Kinetic parameters of cleavage of low molecular mass non-specific (Z-Lys-SBzl) and specific (GD4K-na) substrates by the mutant variants of enteropeptidase in comparison with the wild type enzyme (L-HEP) indicate that all enteropeptidase variants have similar kinetic characteristics on non-specific substrates. On the other hand, the GD4Kna cleavage Km increased 2.2 folds with K219Q mutation, while R96K mutation practically did not influence to the kinetic parameters. Structural analysis of the mutant variants of enteropeptidase catalytic subunit showed that residue 96 influenced substrate selectivity via interactions with the residue P2 and its shielding from solvent, while the residue 219 can set ionic and hydrogen bonds with the residues P3 and P5.

Therefore, substitution of the Lys residue for Arg was suggested in the enteropeptidase cleavage sequence in fusion proteins to enhance large scale protein production in fusion expression systems.

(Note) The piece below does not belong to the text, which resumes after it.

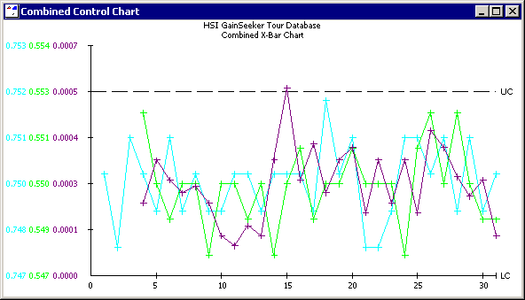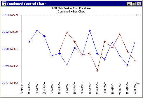 The retrieval groups in the following Combined Control Chart display several lots of a part that goes through one process (the blue line) and then goes through a second process (the red line). The data points are matched only by date/time stamp

Also the improvement of enzyme affinity will diminish the amount of nonspecifically cleaved sites and as a result will improve the yield of target proteins in fusion systems.

b.6 Penicillin acylase mutants with improved enantioselectivity to be applied in specific enantio-resolutions and cascade reaction (reengineering enantioselectivity)

Penicillin acylase (PA) has been rationally engineered in order to increase its enantioselectivity towards an array of natural and non-natural amino acids, amino alcohols, aliphatic and aromatic amines which are fundamental building blocks in chemical and pharmaceutical industry. The ultimate aim is to allow the full exploitation of this well known, stable and industrially largely employed enzyme.

To generate a library of in silico mutants and to evaluate them in a rational way we have proposed, created and tested unique knowledge based rational prediction pipeline based on bioinformatics. It consists of four primary steps: bioinformatic analysis of target enzyme family, rational prediction of positions for point mutations based on this analysis, library generation, docking evaluation of mutant structures.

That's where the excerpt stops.